The pattern they usually follow is like the following:
Subtitle_number
Beginning_min --> Ending_min
Text
As an example, this might be the structure of an srt
file:
1
00:00:00,100 --> 00:00:01,500
This is the first subtitle
2
00:00:01,700 --> 00:00:02,300
of the movie
Now, I have some "modified" srt
's, which differ from normal ones because of them having the name of the character right after the subtitle number.
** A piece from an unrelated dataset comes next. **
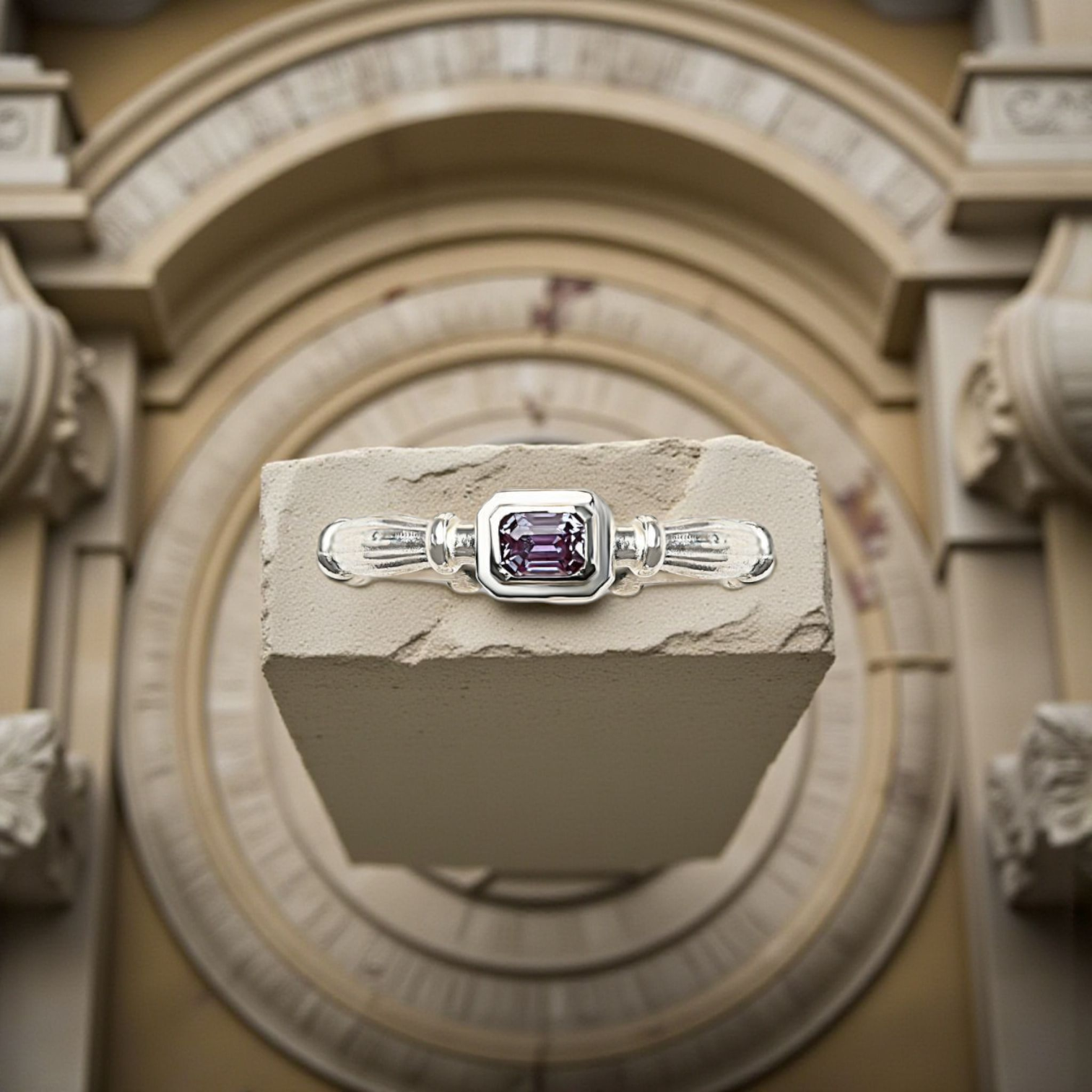 Silver Column Midi Ring With 3mm Lab. Alexandrite

Here is an example:
1 Matt
00:00:00,100 --> 00:00:01,500
This is said by Matt
2 Lucas
00:00:01,700 --> 00:00:02,300
While this is said by Lucas
What I would like to do is to parse these files in order to create a data.frame
like the following:
+---------------------------------------------+
| CHARACTER | TEXT |
|--------------+------------------------------|
| Matt | This is said by Matt |
|--------------+------------------------------|
| Lucas | While this is said by Lucas |
+---------------------------------------------+
So, I do not want the number or the minute of the subtitle.
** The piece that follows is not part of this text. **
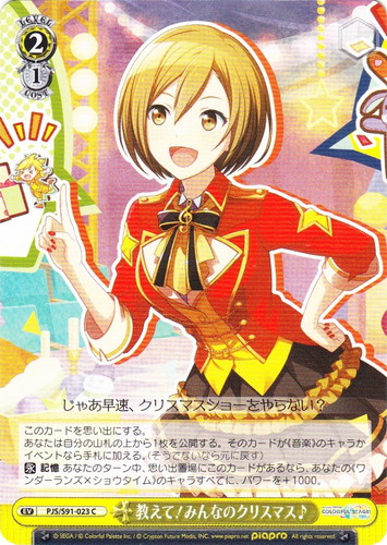 ![]() ![]() | PJS/S91-021 ハイパー★ポジティブ 鳳えむ キャラ ブースターパック プロジェクトセカイ カラフルステージ! feat. 初音ミク C 色:黄 レベル:1 コスト:0 パワー:3500 ソウル:1 特徴:音楽/ワンダーランズ×ショウタイム トリガー:ソウル 【自】[手札の《音楽》のキャラを1枚控え室に置く]このカードが手札から舞台に置かれた時、あなたはコストを払ってよい。そうしたら、あなたは控え室の、「教えて!みんなのクリスマス♪」か「ワンダー☆クリスマス!」を1枚選び、手札に戻す。 【自】この能力は1ターンにつき1回まで発動する。あなたがイベントをプレイした時、そのターン中、このカードのパワーを+2000。 うん!きっとみーんな笑顔になっちゃうよっ☆ 作品名:プロジェクトセカイ カラフルステージ! feat. 初音ミク |

I have been able to read the text with the readtext
library, resulting in something like this:
1 Matt\n00:00:00,100 --> 00:00:01,500\nThis is said by Matt.\n\n2 Lucas\n00:00:01,700 --> 00:00:02,300\nWhile this is said by Lucas
Note that there might be \n
also inside of the texts, as well as any other (readable) character
Here is where I am stuck, I guess I would have to use some kind of Regex
to extract all names and then all texts, but I have no clue on how to do this.
Any help is highly appreciated!
Here is a step-by-step way to do this without regex. It's a bit sloppy, but its to show the logic on how to approach a file like this. End result is a data frame where you can grab the info you want.
txt <- "1 Matt
00:00:00,100 --> 00:00:01,500
This is said by Matt
2 Lucas
00:00:01,700 --> 00:00:02,300
While this is said by Lucas\nand another line
3
00:00:01,700 --> 00:00:02,300
While this is said by nobody"
library(readr)
library(tidyr)
library(tibble)
library(dplyr)
library(purrr)
df <- tibble(txt = read_lines(txt))
df %>%
rowid_to_column("row") %>%
group_by(group = cumsum(txt == "")) %>%
filter(!(txt == "")) %>%
mutate(field = pmin(row_number(), 3)) %>%
group_by(group, field) %>%
summarize(txt = paste(txt, collapse = "\n"), .groups = "drop") %>%
pivot_wider(names_from = "field",
values_from = "txt") %>%
select(-group) %>%
set_names(c("Col1", "Col2", "Col3")) %>%
separate(Col1, c("Col1A", "Col1B"), extra = "merge", fill = "right")
And you get this data frame. You can name things whatever you want, of course.
# A tibble: 3 x 4
Col1A Col1B Col2 Col3
<chr> <chr> <chr> <chr>
1 1 Matt 00:00:00,100 --> 00:00:01,500 "This is said by Matt"
2 2 Lucas 00:00:01,700 --> 00:00:02,300 "While this is said by Lucas\nand another line"
3 3 NA 00:00:01,700 --> 00:00:02,300 "While this is said by nobody"
Here is a more streamlined way using a bit of tidyverse.
library(tidyr)
library(dplyr)
tibble(txt = txt) %>%
separate_rows(txt, sep = "\\n\\n") %>%
separate(txt, c("A", "B", "C"), sep = "\n", extra = "merge") %>%
separate(A, c("A1", "B2"), extra = "merge", fill = "right")